New Brunswick

Economic growth slow in face of trade uncertainty, aging population

Finance Minister Ernie Steeves says the province's aging population will strain services, which will inhibit New Brunswick's economic growth.

Economy is expected to expand by only 0.6 per cent in 2019

Finance Minister Ernie Steeves said weaker growth from domestic and international trade partners will contribute to slower economic growth for New Brunswick in 2019. (Maria Jose Burgos/CBC)

The New Brunswick economy is expected to expand by only 0.6 per cent in 2019, as growth forecasters lower their expectations nationally and internationally.

Growth in New Brunswick's aquaculture, forestry and energy sectors is expected to be hampered by labour shortages, the softwood lumber dispute and repairs to the Saint John oil refinery after the explosion last October.

On the employment front, no growth is forecast. 

The economic outlook released by the province said the aging population will also hinder economic growth in 2019 as the youngest baby boomers hit 55. New Brunswick has one of the highest proportions in Canada of people in the 55-plus age group, at 36.8 per cent.

In his budget speech, Finance Minister Ernie Steeves said the province cannot rely on additional tax increases to solve the strain this demographic shift will put on services.

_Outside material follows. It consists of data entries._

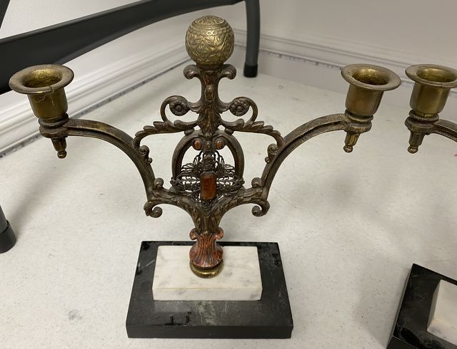 Brass Three Arm Candelabras, marble base, good condition. 8" h., 9" w., 4" d. Brass Three Arm Candelabras, marble base, good condition. 8" h., 9" w., 4" d.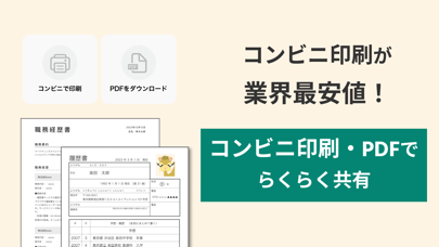 - コンビニ印刷に対応。紙の履歴書までスマホで完結できる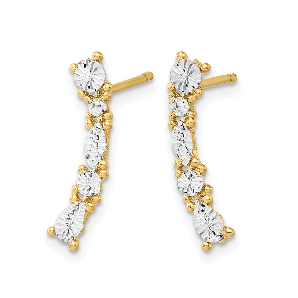 Leslie's 14K and White Rhodium Polished and Diamond-cut Post Earrings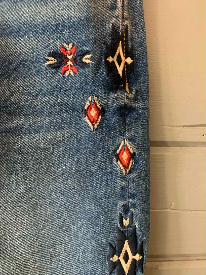 MED BL STRAIGHT LEG JEAN W/ MULTI COLOR EMBROD DETAIL

"Our demographics will challenge economic and revenue growth potential and increase demand for services such as health care," Steeves said.

Trade uncertainty and weaker growth from New Brunswick's international and domestic trading partners also mean any future economic growth will be slow, he said.

Despite the signing of CUSMA, the new trade agreement with the U.S. and Mexico, investment and exports will likely be limited until each country ratifies and implements the deal.

For 2018, the Department of Finance has estimated real economic growth of 0.9 per cent.

Manufacturing sales, housing starts and trade showed gains at the beginning of the year, but a slowdown was observed by the fourth quarter. However, income, investment in non-residential building construction and population showed stronger than expected growth.

Employment grew by 0.3 per cent in 2018, the second consecutive year growth has been registered. No employment growth is expected for 2019, but Treasury Board anticipates household income growth of two per cent.

Steeves said as the government continues to work toward reducing the net debt and limiting spending, it is committed to boosting the economy over time by lowering taxes.